● **What is being asked**
Could you set down the listing below exactly, leaving out its pictures?

● **Available data**
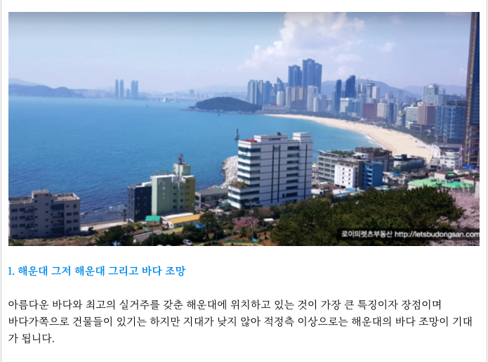 + 해운대 일대는 부지 확보가 쉽지 않아 대부분 주상복합 또는 소규모 단지가 많으며
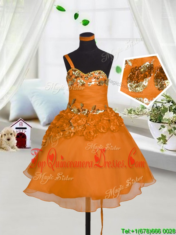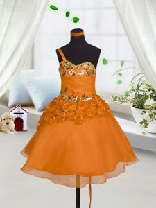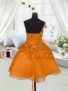 Orange Red Lace Up Sweetheart Beading and Hand Made Flower High School Pageant Dress Organza Sleeveless
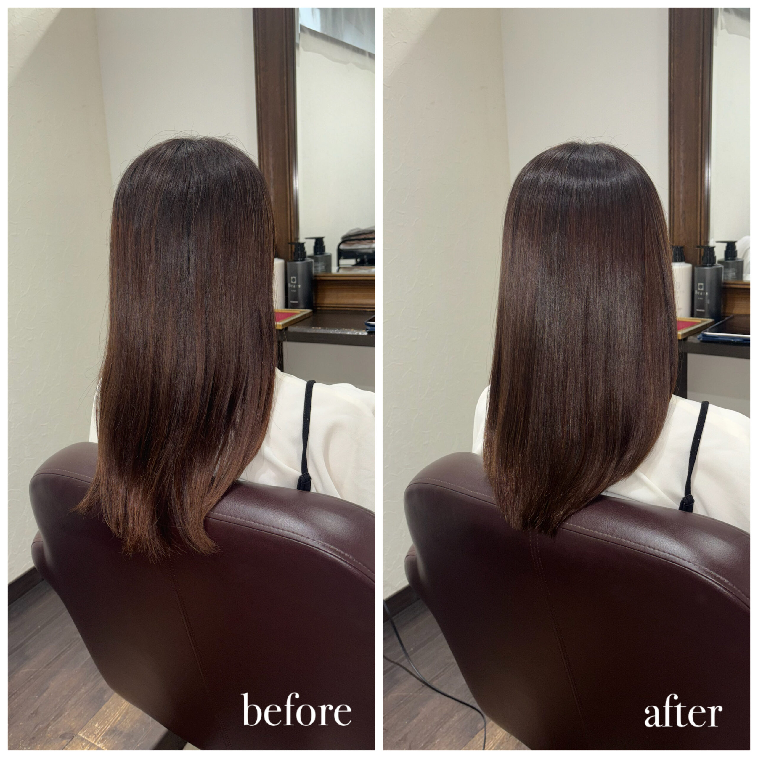 新潟店のストレートエステの施術実績 ストレートエステでツヤツヤに dearsniigata 2025年11月12日 こちらのお客様はカラーや日々のアイロンによる毛先のパサつきやダメージで絡まり、まとまりがないというのがお悩みでした😭 今回の髪の毛の悩みは薬剤の選定ミス、 髪の毛の乾燥が重なって起きていました。 そこでディアーズでは優しい薬剤を使用して やさしい施術をさせて頂きました❣ 髪の毛に栄養をたくさん入れたり、 保湿をしっかりすることで まとまりのあるサラサラ髪になりました✨ お客様からは 「まとまりもでて嬉しいです💓」 と喜んで頂けました!

● **Your response**
 + 해운대 일대는 부지 확보가 쉽지 않아 대부분 주상복합 또는 소규모 단지가 많으며
 Orange Red Lace Up Sweetheart Beading and Hand Made Flower High School Pageant Dress Organza Sleeveless
 新潟店のストレートエステの施術実績 ストレートエステでツヤツヤに dearsniigata 2025年11月12日 こちらのお客様はカラーや日々のアイロンによる毛先のパサつきやダメージで絡まり、まとまりがないというのがお悩みでした😭 今回の髪の毛の悩みは薬剤の選定ミス、 髪の毛の乾燥が重なって起きていました。 そこでディアーズでは優しい薬剤を使用して やさしい施術をさせて頂きました❣ 髪の毛に栄養をたくさん入れたり、 保湿をしっかりすることで まとまりのあるサラサラ髪になりました✨ お客様からは 「まとまりもでて嬉しいです💓」 と喜んで頂けました!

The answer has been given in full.